Authors Liu F, Liu Y, Yuan N, Zhang X, Cao M, Dong J, Zhang J

Received 3 November 2020

Accepted for publication 10 January 2021

Published 25 January 2021 Volume 2021:14 Pages 91—96

DOI https://doi.org/10.2147/CCID.S288259

Checked for plagiarism Yes

Review by Single anonymous peer review

Peer reviewer comments 4

Editor who approved publication: Dr Jeffrey Weinberg


Fang Liu,1 Yingmei Liu,2 Na Yuan,1 Xiuying Zhang,1 Mei Cao,1 Jie Dong,1 Jinqing Zhang1

1Department of Dermatology, Beijing Chaoyang Hospital, Capital Medical University, Beijing 100020, People’s Republic of China; 2Laboratory of Clinical Microbiology and Infectious Diseases, Department of Pulmonary and Critical Care Medicine, China-Japan Friendship Hospital, Beijing 100029, People’s Republic of China

Correspondence: Fang Liu
Department of Dermatology, Beijing Chaoyang Hospital, Capital Medical University, 8 Gongti South Road, Beijing 100020, People’s Republic of China
Tel +86-18611369216
Email roseliufang@qq.com

Purpose: This report describes a case of a skin sporotrichosis infection and the steps taken to identify an effective antifungal treatment.
Patients and Methods: A 50-year-old woman from Jilin province, China, presented complaining of a small mass that had been on her right upper eyelid for two years. A skin biopsy was taken and submitted for bacterial and mycological assessment. Bacterial culture from the lesion was negative, but a fungal culture was positive. In vitro susceptibility test was performed to assess its susceptibility to antifungal drugs.
Results: The skin biopsy showed infectious granuloma.
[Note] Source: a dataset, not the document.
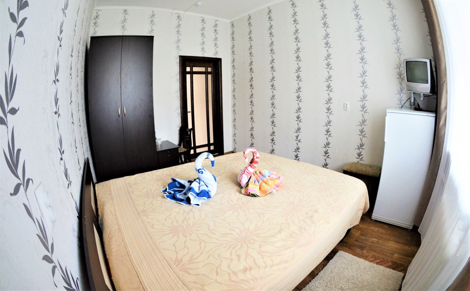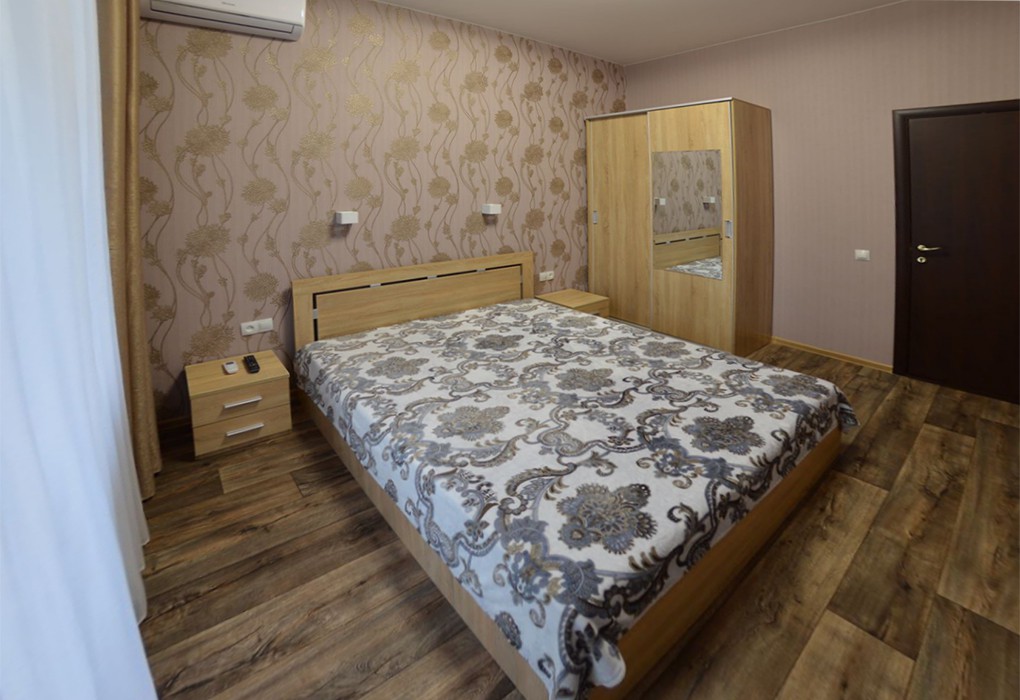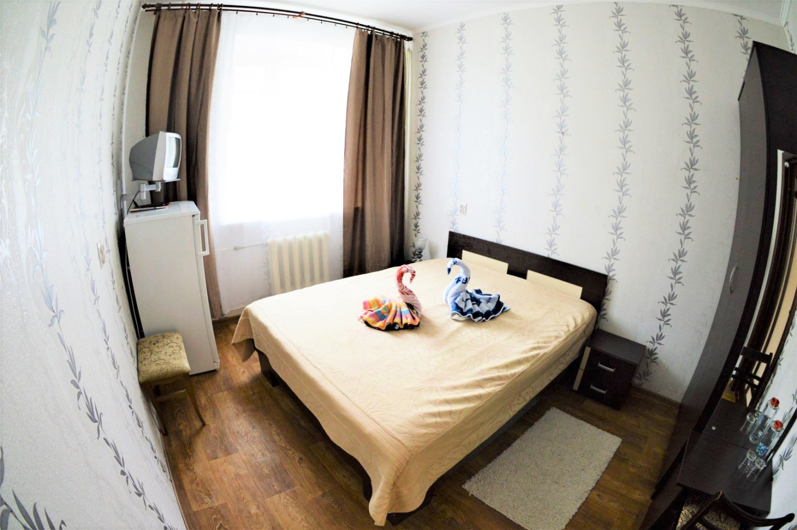 2 осн. места. 1 доп. место. Мебель: вешалка, зеркало, кровать двуспальная, прикроватные тумбочки, столик журнальный, стулья, шкаф. Оборудование: телевизор, холодильник, чайный набор посуды, электрочайник. Санузел: с душем, туалетные принадлежности. Сервис: Wi-Fi бесплатно, смена полотенец, смена постельного белья, уборка номера.

Fungal culture was identified as Sporothrix globosa based on both the morphological features and confirmation by the molecular method; it was resistant to many kinds of antifungal drugs, including amphotericin B, voriconazole, fluconazole, and caspofungin. However, it was relatively sensitive to itraconazole. The patient was prescribed 0.2 g itraconazole to be taken twice per day. One month later, she had almost completely recovered from her symptoms. The treatment lasted for 3 months and her liver function and renal function were normal at the endpoint.
Conclusion: Itraconazole was an effective treatment in this case of a multidrug-resistant sporotrichosis caused by S. globosa.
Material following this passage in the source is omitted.